§ **What you have to do**
With the pictures left out, copy the records below exactly from the first line down to the line holding "Auto Drive Car", and include that line.
The input: Begin
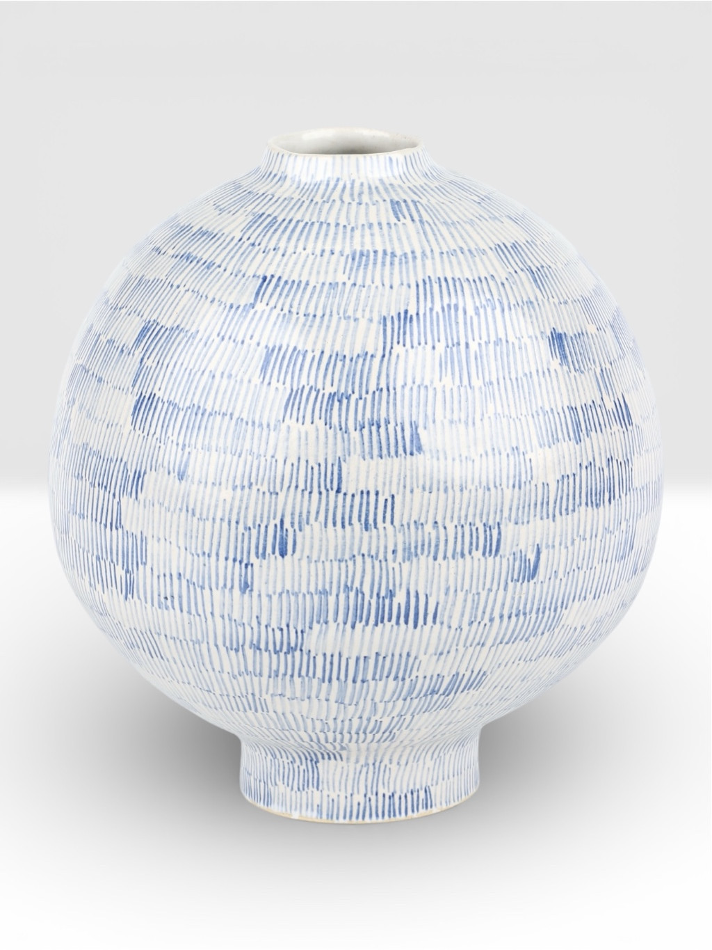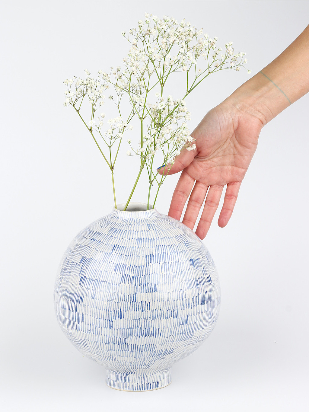 Rodinný recept, verše nebo milostný dopis… Ať už si představíte napsané inkoustem cokoli, vázy z kolekce INK v sobě nesou právě tento příběh. Každá váza je originál. Jemné modré linky připomínají rukou psaný text – někdy lehký a nenápadný, jindy výraznější, podle nálady a gesta.
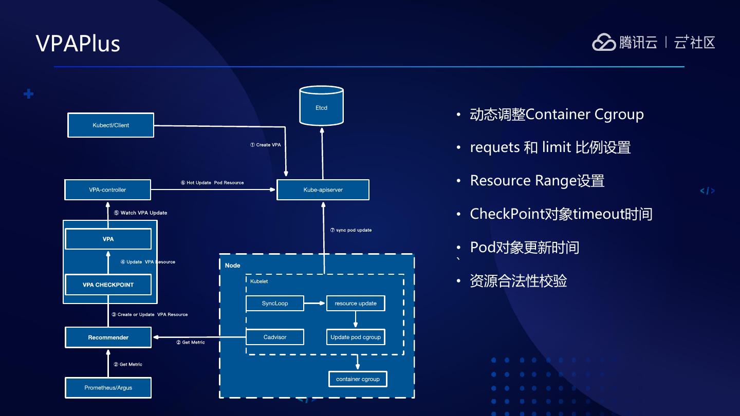 9 .VPAPlus • 动态调整Container Cgroup • requets 和 limit 比例设置 • Resource Range设置 • CheckPoint对象timeout时间 • Pod对象更新时间 ` • 资源合法性校验
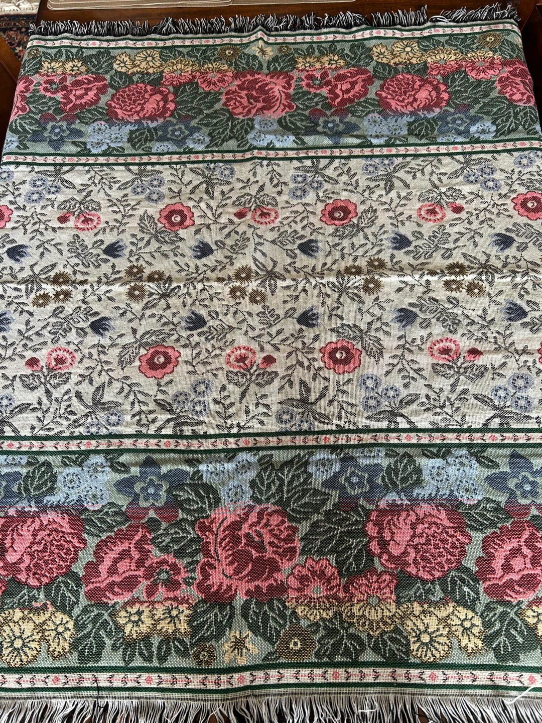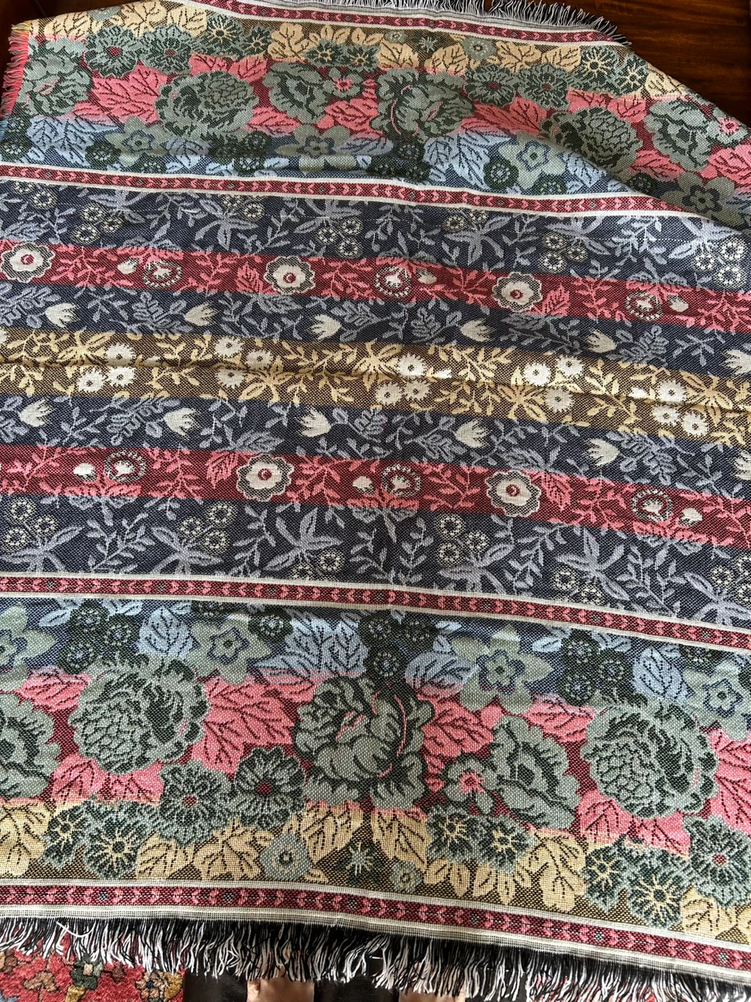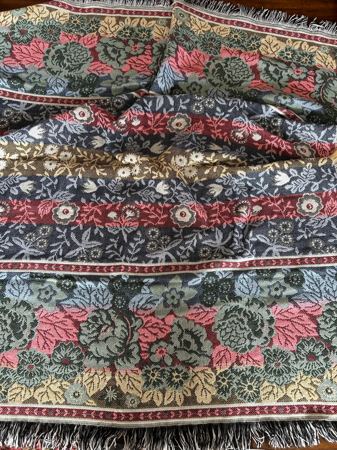 This is a lovely floral tapestry throw blanket from Mohawk Home. It's made of 100% acrylic and features a beautiful, classic floral pattern with fringed edges. Perfect for adding a cozy, decorative touch to your sofa or bed!
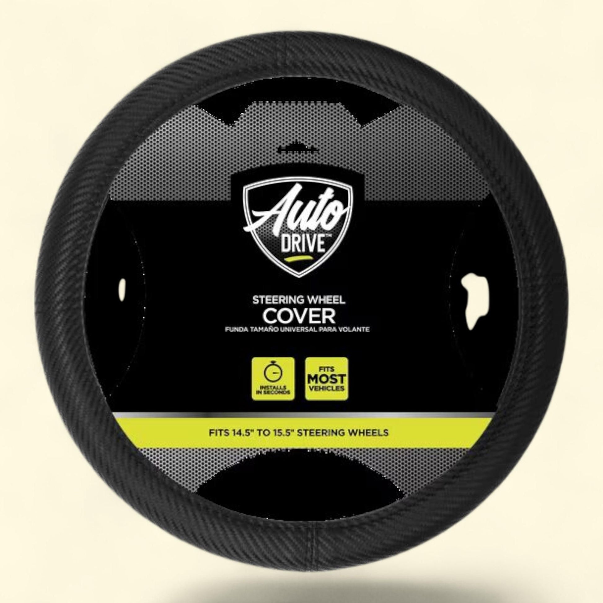 Auto Drive Car Steering Wheel Cover, Carbon Fiber Leather, Black, Universal Fit, 1 Piece
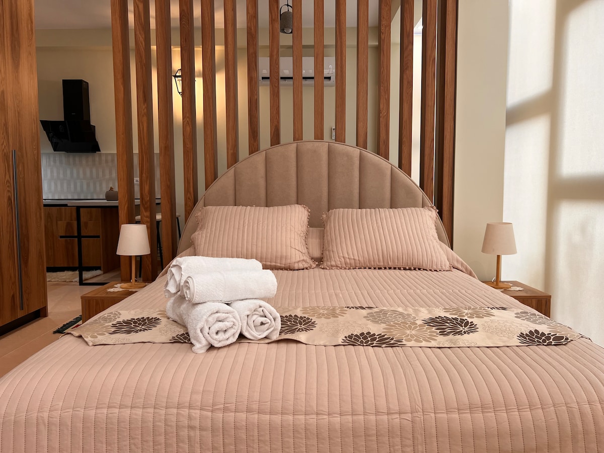 Bir Yataq Otaqlı Mənzil və Eyvanlı bir qonaq otağı – 4 Qonaq üçün Uyğundur Bu müasir bir yataq otaqlı mənzil 4 nəfərə qədər qonaq üçün rahatlıq və funksionallıq təklif edir. Burada çarpayı olan rahat yataq otağı, açılan divan-çarpayı olan işıqlı qonaq otağı, yemək sahəsi olan tam təchiz olunmuş mətbəx və duşu olan ayrıca hamam otağı var. Eyvan istirahət və ya yemək yemək üçün mükəmməl olan xoş açıq hava məkanı təmin edir. Rahat qonaqlama axtaran ailələr, cütlüklər və ya kiçik qruplar üçün idealdır.
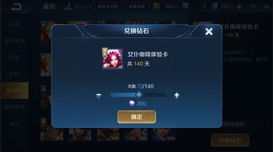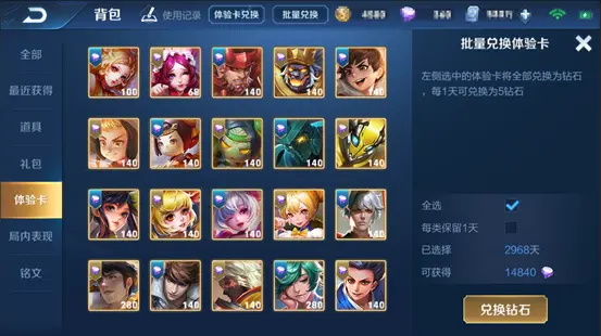 2、对于已拥有英雄/皮肤/永久局内表现的体验卡,我们优化了兑换为钻石的流程,对于单个体验卡兑换钻石,可以快速选择天数进行兑换,同时我们也增加了【批量兑换】功能,各位召唤师可以前往【背包】-【体验卡】/【局内表现】进入【批量兑换】,根据需要选择【全选】或者【每类保留一天】,亦可手动再次选择左侧亮起的体验卡头像,进行取消选中。
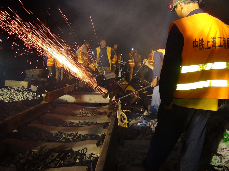 施工人員進行切割鋼軌作業(yè)。 杜智儒 攝
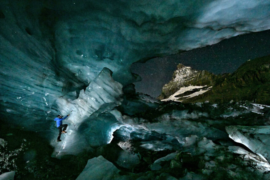 Zusätzlich zu seinem bildnerischen Vergleich von damals und heute wollte Thomas ein Bild aufnehmen, das die Menschen inspiriert, begeistert und dazu bringt, sich ernsthaft um das Ökosystem der Gletscher zu sorgen. Mit dieser Idee betrat er durch eine der vielen zauberhaften Höhlen den Gletscher selbst, um dessen physische Schönheit aufzuzeigen. Er suchte und fand eine Höhle mit einer majestätischen Öffnung, in deren Mitte das unverwechselbare Matterhorn zu erblicken war. Er wusste: Dies war die perfekte Stelle. Um dem permanenten Schmelzwasser auszuweichen, wartete Thomas bis nach Mitternacht, um diese Aufnahme zu machen – in einer stockfinsteren Höhle und bei eiskalten Temperaturen.
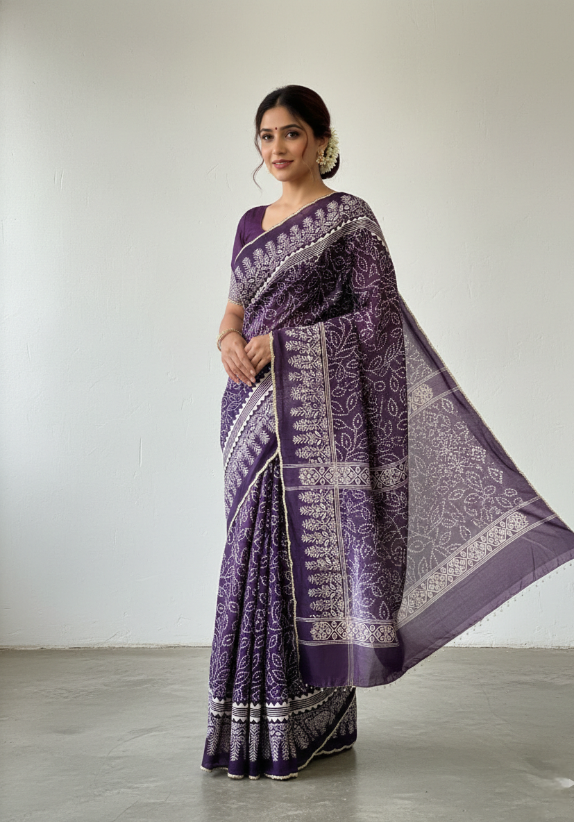 This eggplant purple tissue banarsi silk fabric sari has loral Mina work done all over.
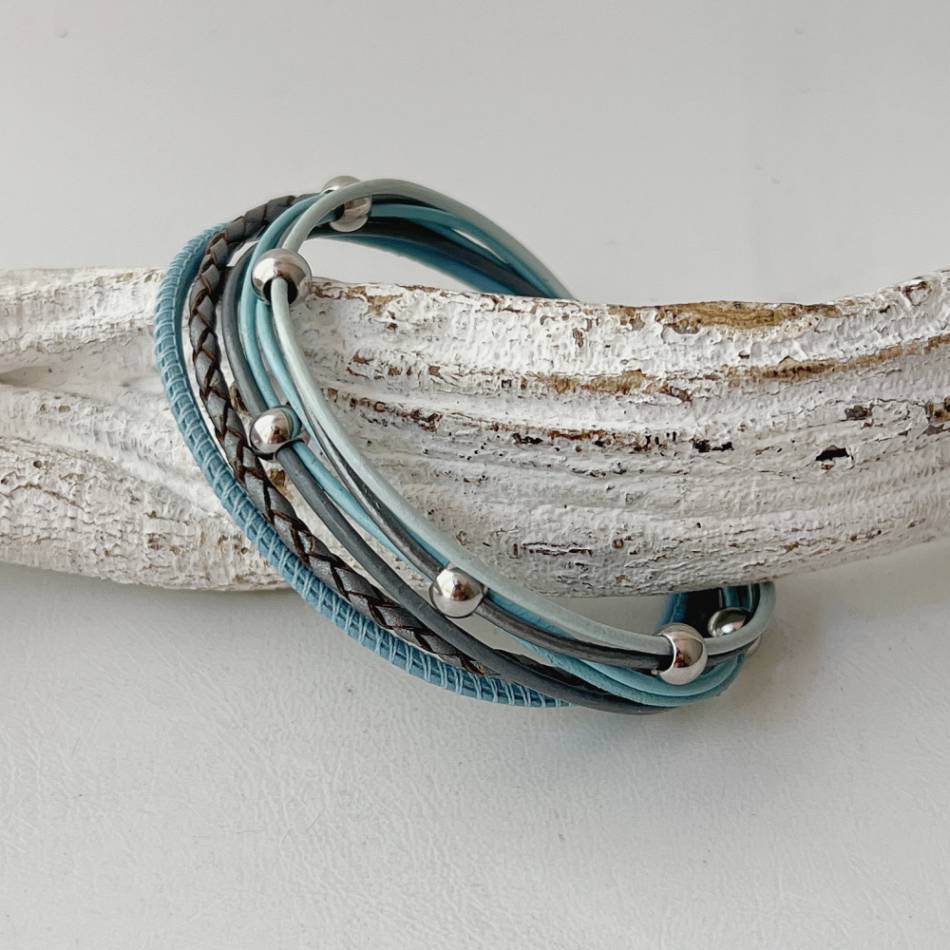 In dem Armband sind ein rauchblaues Nappalederband (ca. 2,5 mm), ein geflochtenes Lederband (ca. 2,5 mm) in stahlgrau und 5 Lederbändern in dazu passenden Farben (ca. 1,5 mm) verarbeitet. Die weichen Lederbänder verleihen dem Armband ein angenehmes Tragegefühl.
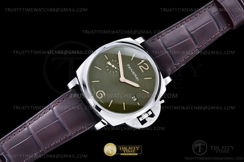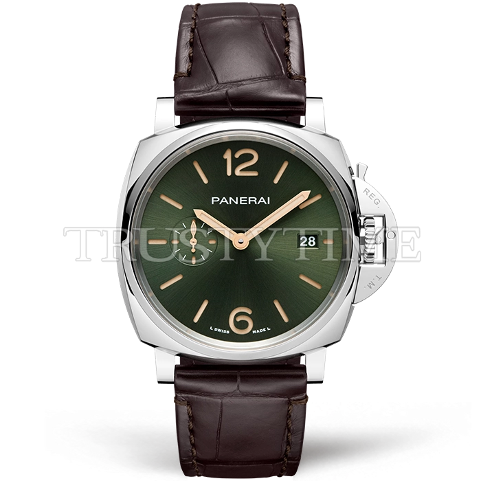 Часы Panerai из коллекции Luminor. Классические мужские часы Panerai Luminor Due Platinumtech™ 42mm PAM01329 премиального качества (Артикул магазина: PN-0884) оснащены надежным автоматическим механизмом с автоподзаводом (работает от амплитуды движения руки) калибра P900, в котором реализованы следующие функции: часовая, минутная и секундная стрелки, а так же дата. Круглый корпус часов стального цвета, имеющий размер 42 мм и высоту 14 мм превосходно дополнит образ и украсит запястье своего обладателя. Для изготовления часов Panerai Luminor Due Platinumtech™ 42mm PAM01329 предлагаемых в нашем интернет-магазине, применяются нержавеющая сталь 316F высокого качества (Швейцарский стандарт), а так же сапфировое стекло высокой прочности, благодаря чему обеспечивается максимальная защита от сколов и механических повреждений. Отличительной чертой данной модели является зеленый циферблат, часовые индексы которого обеспечивают часовые метки. Завершает образ кожаный ремешок коричневого цвета с фирменной классической застежкой Panerai. Водонепроницаемость данной модели составляет 30М (WR30) – допускается минимальное воздействие с водой.
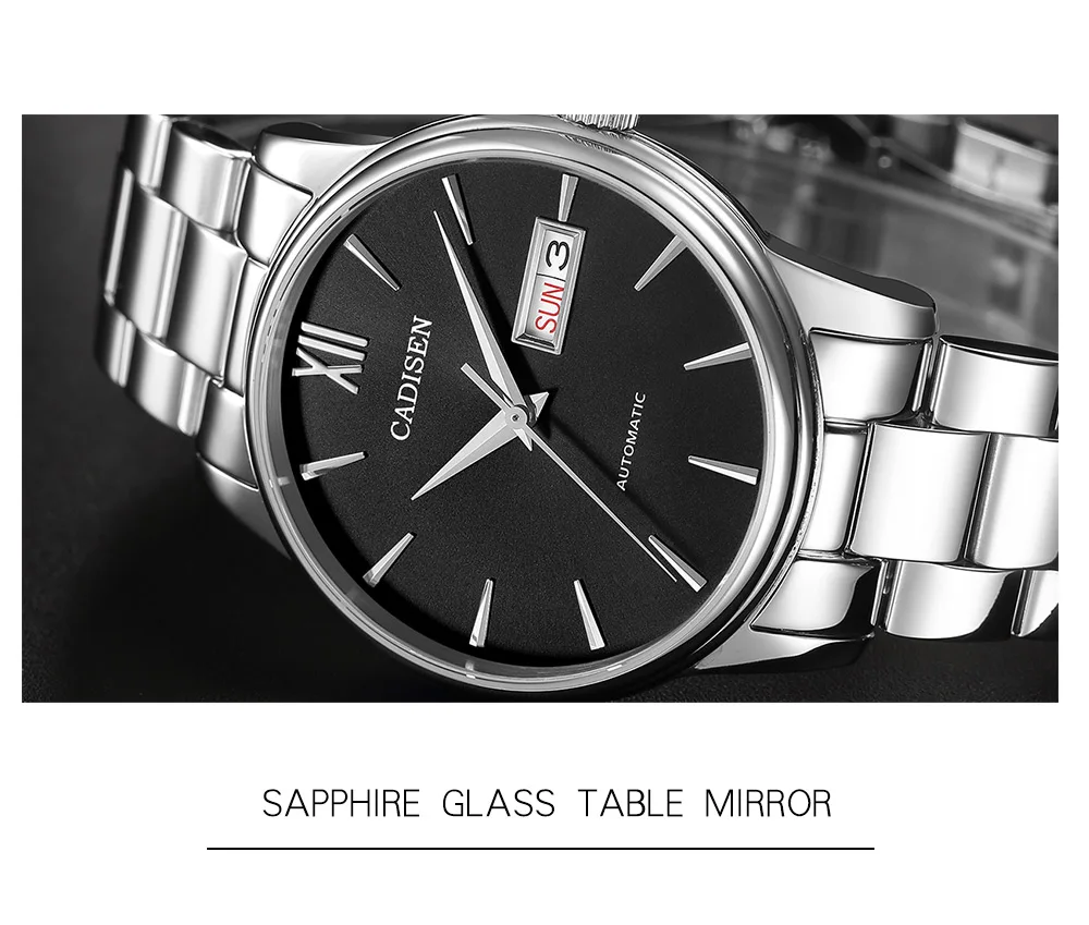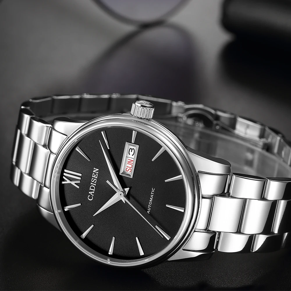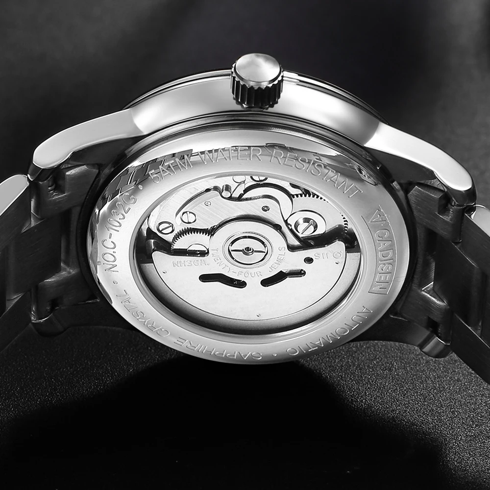 Часы наручные CADISEN Мужские автоматические, роскошные модные полностью стальные, с японским механизмом NH36, водонепроницаемость 50 м
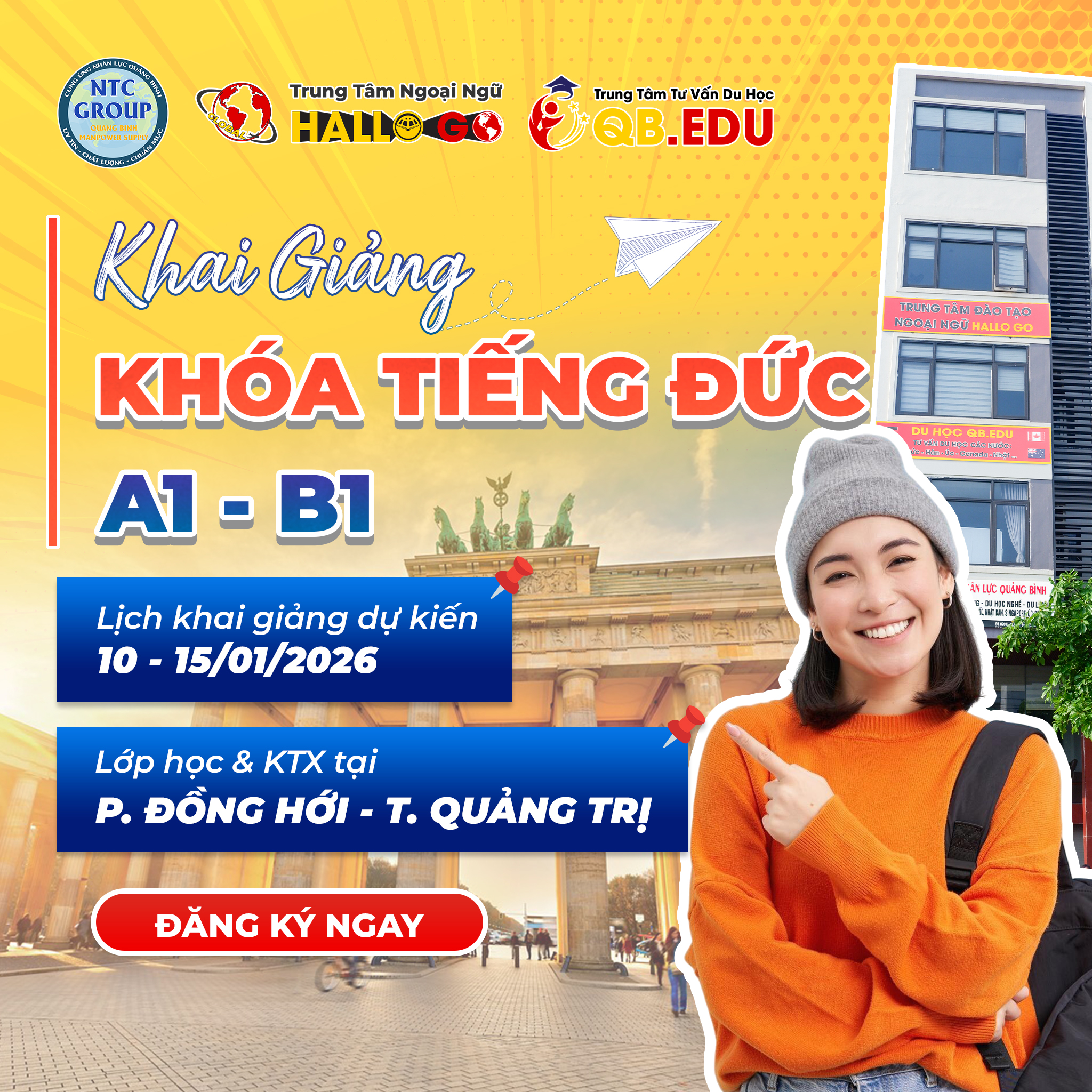 Trung tâm Ngoại ngữ HalloGo kết hợp cùng Du học QB.EDU chính thức mở khóa tiếng Đức từ A1 → B1 ngay tại Đồng Hới với lộ trình rõ ràng – phù hợp mọi bạn trẻ có định hướng du học nghề Đức.
The input: End
§ **Result**
 Rodinný recept, verše nebo milostný dopis… Ať už si představíte napsané inkoustem cokoli, vázy z kolekce INK v sobě nesou právě tento příběh. Každá váza je originál. Jemné modré linky připomínají rukou psaný text – někdy lehký a nenápadný, jindy výraznější, podle nálady a gesta.
 9 .VPAPlus • 动态调整Container Cgroup • requets 和 limit 比例设置 • Resource Range设置 • CheckPoint对象timeout时间 • Pod对象更新时间 ` • 资源合法性校验
 This is a lovely floral tapestry throw blanket from Mohawk Home. It's made of 100% acrylic and features a beautiful, classic floral pattern with fringed edges. Perfect for adding a cozy, decorative touch to your sofa or bed!
 Auto Drive Car Steering Wheel Cover, Carbon Fiber Leather, Black, Universal Fit, 1 Piece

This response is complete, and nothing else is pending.